We are the driest inhabited continent in the world, and we're becoming hotter and drier. Forget the argument about what's causing it. We have to accept that to be a fact, and we have to be ready for that and adapt to it. And our soil resources, while of high quality in expansive areas, are very limited. When you take it as a proportion of our total land mass, our natural soil resources are limited. We have to have a serious debate in this place, in the wake of recent events, about the misallocation of those resources and how we use market based mechanisms to ensure that those resources are allocated to the areas where they secure the highest value return, both for our producers and growers but also for the nation—the people who, in the end, own those natural resources.

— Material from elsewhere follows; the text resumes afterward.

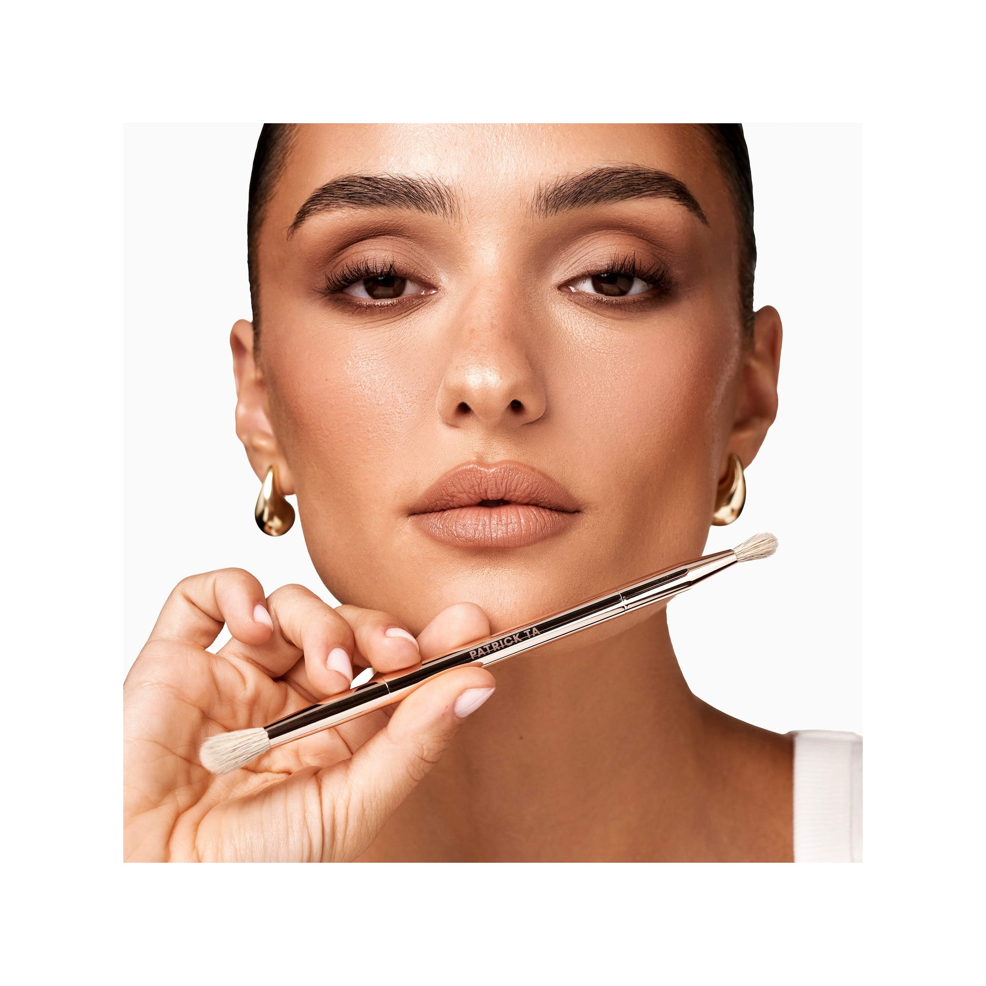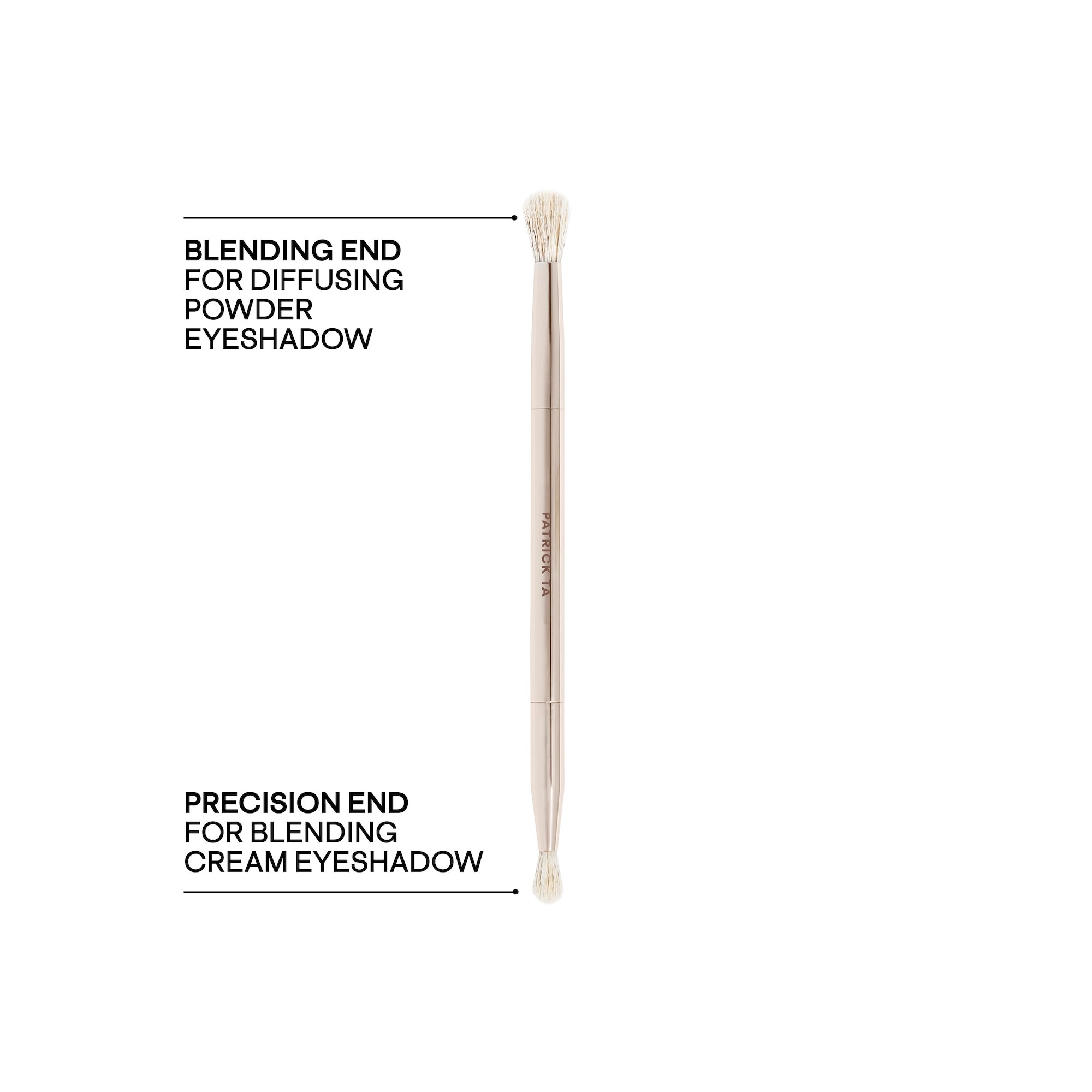 Patrick Ta Dual Ended Eyeshadow Brush est un pinceau double embout doté de deux côtés qui estompe parfaitement les formules crème et poudre. La petite tête du pinceau, souple et fournie, est conçue pour les textures crème et poudre, offrant une application ciblée et un rendu intense. Le côté plus large diffuse la poudre sur l’ensemble de la paupière pour des transitions harmonieuses et une définition subtile. Fabriqué avec les fibres brevetées emblématiques de PATRICK TA, ce pinceau garantit une application douce et un estompage homogène. Le PATRICK TA Dual-Ended Eyeshadow Brush allie précision et polyvalence dans un design élégant. La petite tête du pinceau est idéale pour un estompage ciblé des formules crème et poudre, offrant une intensité de couleur remarquable et une application sans effort. Le côté plus large est conçu pour diffuser la poudre en douceur sur les paupières, créant des transitions fluides tout en ajoutant profondeur et dimension pour une finition professionnelle. Conçu avec les fibres brevetées de la marque, ce pinceau assure un estompage doux, homogène et une maîtrise parfaite à chaque utilisation. Qu’il s’agisse de définir le creux de la paupière ou d’estomper les couleurs pour un regard diffus, ce pinceau double embout est un indispensable de toute collection de maquillage, sublimant votre regard avec élégance et précision.

Before all these calamities came belong, productivity had already flatlined for around a decade. Profitability has been patchy or, worse, low for a long, long time. According to the ABS, around 59 per cent of our farm entities have turnovers—not profit—of $200,000 or less. Still, 80 per cent of the production or output of our farm sector comes from 20 per cent of the firms. If that is not a sign that some significant restructuring is required in the sector, I don't know what is. Members should reflect on that: 80 per cent of the output from 20 per cent of the firms. It sounds somewhat inefficient, and it does have implications for a natural resource allocation.
Our rate of innovation is poor and has been for a long time. We can often prove ourselves to be quite good at research but we are very poor at both innovation and extension—that capacity to get innovation down onto the farm, inside the farm gate and into the production system. We desperately need to address that. We made it clear, on this side of the House, prior to the election that if we were to be elected we would be heavily revisiting the architecture around the rural RDCs, the research and development corporations. We're proud of the current architecture because it was a Labor initiative, under John Kerin, probably 30 years ago.
But that's the point; it was a long time ago. I've made the point that the world has changed significantly, the opportunities and challenges for the sector have changed significantly and so too should our approach to research and development. Research and development extension dollars are too finite, too scarce, to be wasting one dollar of any of it, and we need to make sure that that money is spent effectively and efficiently and in a way that provides outcomes for our farm sector.
We've got to start talking more about our forestry and fisheries industries. Fisheries, our seafood industry, are also impacted by drought. In the first instance, it sounds counterintuitive to people who might be listening to the debate, but drought has enormous impacts on the quality of our marine environment and our estuaries, and the flushing of the estuaries aren't present et cetera. You come to realise that the impact can be very, very significant. As I understand it, people in the fisheries sectors aren't eligible for the farm household allowance, for example.